Another Word For It Patrick Durusau on Topic Maps and Semantic Diversity

November 8, 2012

Federated SPARQL Queries [Take “Hit” From Multiple/Distributed Data Sets]

Filed under: BigData,RDF,SPARQL — Patrick Durusau @ 5:30 pm

On the Impact of Data Distribution in Federated SPARQL Queries by Nur Aini Rakhmawati and Michael Hausenblas.

Abstract:

With the growing number of publicly available SPARQL endpoints, federated queries become more and more attractive and feasible. Compared to queries against a single endpoint, queries that range over a number of endpoints pose new challenges, ranging from the type and number of datasets involved to the data distribution across the datasets. Existingre search focuses on the data distribution in a central store and is mainly concerned with adopting well-known, traditional database techniques. In this work we investigate the impact of the data distribution in the context of federated SPARQL queries.We perform a number of experiments with four federation frameworks (Sesame Alibaba, Splendid, FedX, and Darq) against an RDF dataset, Dailymed, that we partition by graph and class.Our preliminary results confirm the intuition that the more datasets involved in query processing, the worse performance of federation query is and that the data distribution significantly influences the performance.

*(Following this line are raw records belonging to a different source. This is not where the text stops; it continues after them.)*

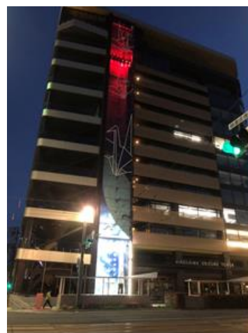
赤くライトアップされたおりづるタワー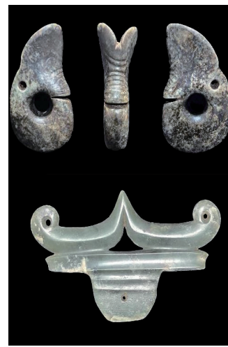
出土的玉猪龙(上)和玉冠饰(下)

元宝山积石冢的发掘为研究内蒙古地区史前考古学文化的交流与交融提供了新的资料,同时也为红山文化申遗提供了有力的学术支撑。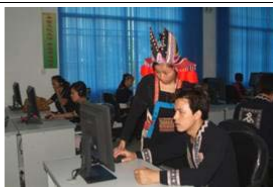
图 18 乳源县支中心电子阅览室

必背镇位于乳源县,是瑶族的发源地之一,全镇人口 7,314 之中,瑶族同胞有 5,914 人。瑶胞天生能歌善舞,他们用树叶演奏音乐,跳长鼓舞,跳竹竿舞。但是他们传统的娱乐受到外界的挑战,需要促进。2002 年,镇里成立了一支文艺表演队,在当地民间节日时到各个村巡回演出。队员们经常来镇服务点,上网查询瑶族文化资源以及最新节目,通过电脑或投影仪观赏,改良他们的节目表演。这支表演队出了好些优秀节目,2008 年在县里获奖,还去澳门演出。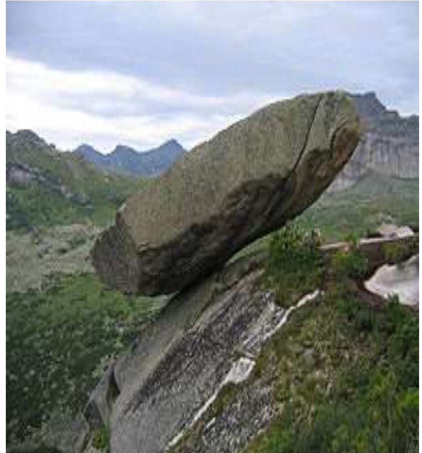
Висячий камень в западной части парка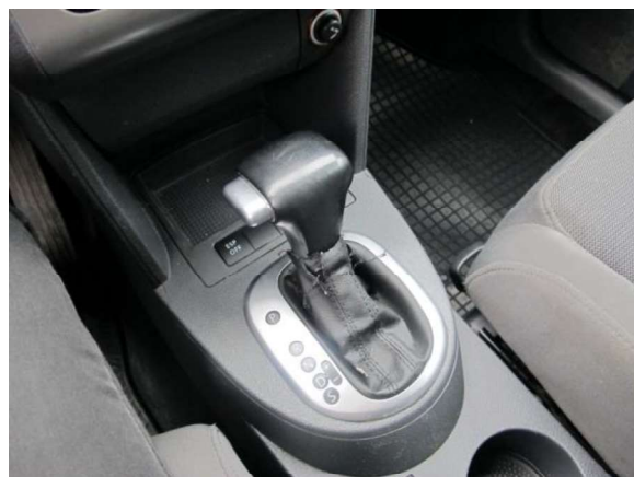
Automātiskā ātrumkārbā 6 pak.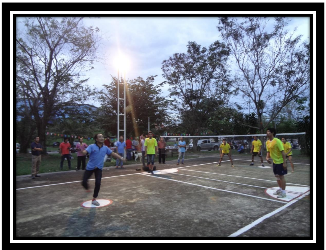
กีฬากระชับความสัมพันธ์ระหว่างพนักงาน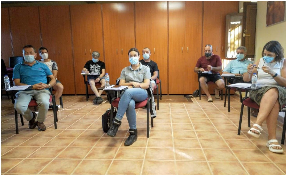
Consejo de dirección para la aprobación de la propuesta del 1 Tramo 2020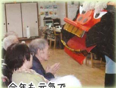
今年も元気で 過ごせますように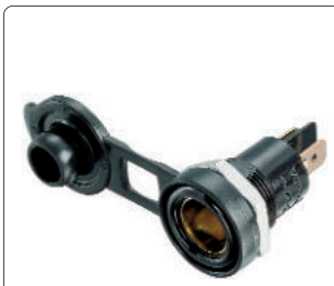
■ ESD 12/24 Bestell-Nr.: 3 5760 7002

Einbau-Normsteckdose mit Deckel zum Schutz vor Staub und Spritzwasser. Passend für Norm- und Universalstecker, max. 16 A/6-24 V. Einbauloch- \phi 18 mm, Gewindelänge 8 mm. Anschluss mit Flachsteckern 6,3 mm.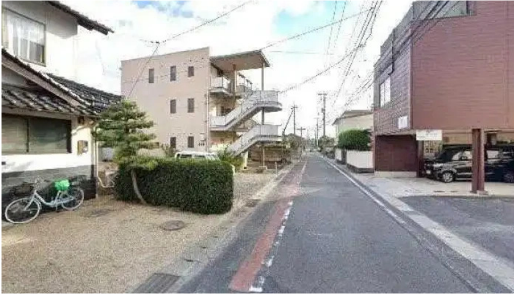
お食事処 ぶの 松江市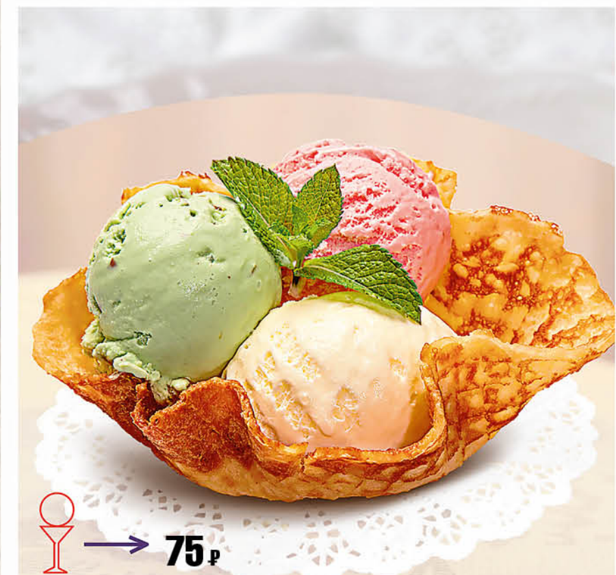
МОРОЖЕНОЕ «ТРЕ АМИЧИ»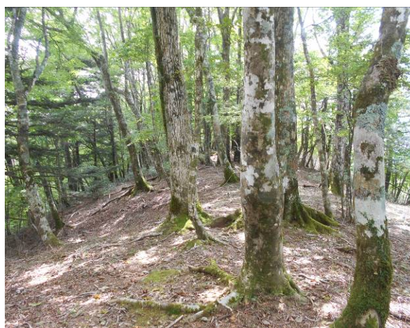
平指山よりの下山方面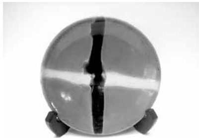
8 十文字七寸皿 (島岡達三)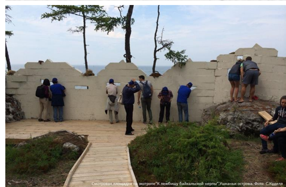
Смотровая площадка на экотропе "К лежбищу байкальской нерпы", Ушканьи острова.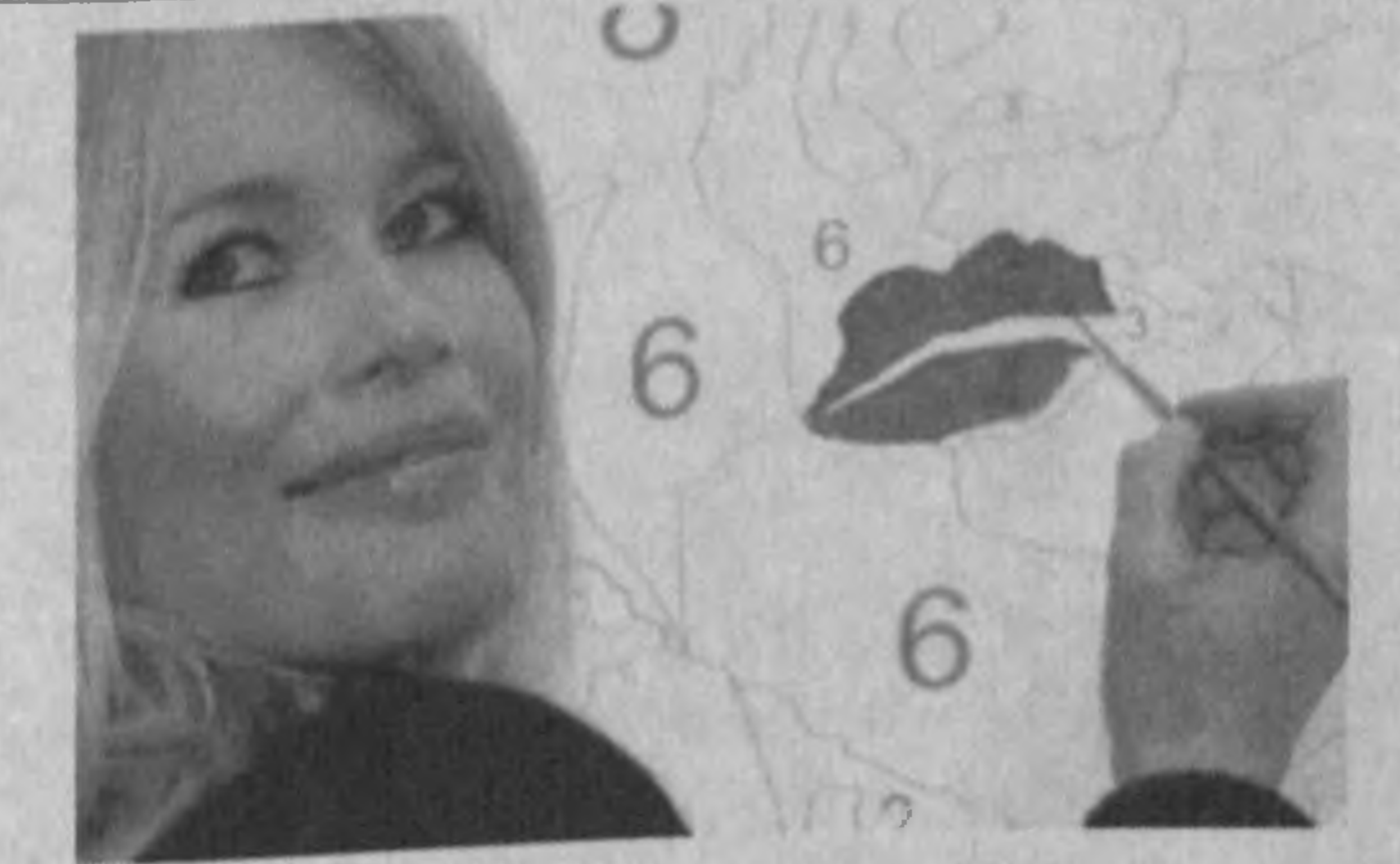
Клаудия Шиффер перерисовывает фрагмент картины Модильяни "Портрет девушки" в Ковент-гардене, Лондон.

Подготовлено по материалам зарубежных СМИ.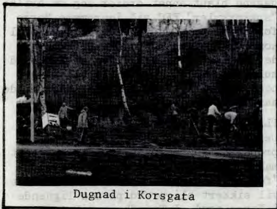
Dugnad i Korsgata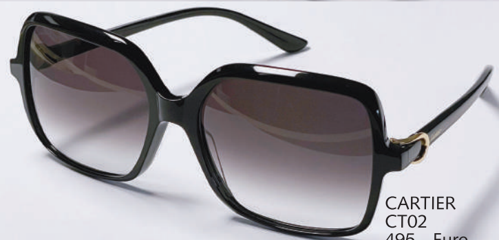
CARTIER CT02 495,- Euro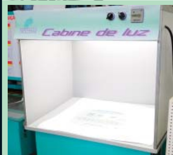
Ao lado, cabine de Luz para conferência de cores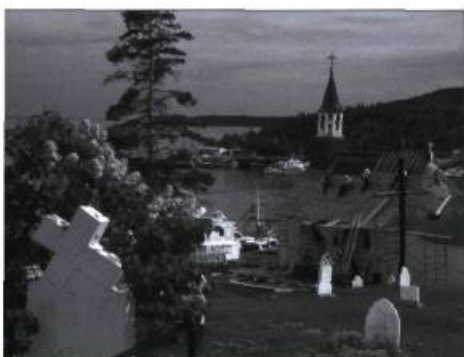
La chapelle de Tadoussac.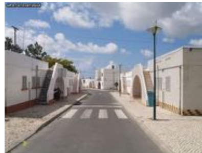
14. Bairro de Casas para Pescadores / Fisherman Houses Arquitecto I.P. Fernandes for DGSU (1945-49)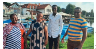
Ausflug nach Steinhude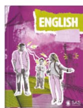
Livro único (9º ano)

Soluções que ampliam as experiências da coleção

It isn’t often I read in the same paragraph:

With the growing number of publicly available SPARQL endpoints, federated queries become more and more attractive and feasible.

and

Our preliminary results confirm the intuition that the more datasets involved in query processing, the worse performance of federation query is and that the data distribution significantly influences the performance.

I have trouble reconciling “…more and more attractive and feasible” with “…the more datasets…the worse performance of federation query is….”

Particularly in the age of “big data” where an increasing number of datasets and data distribution are the norms, not exceptions.

I commend the authors for creating data points to confirm “intuitions” about SPARQL performance.

At the same time, their results raise serious questions about SPARQL in big data environments.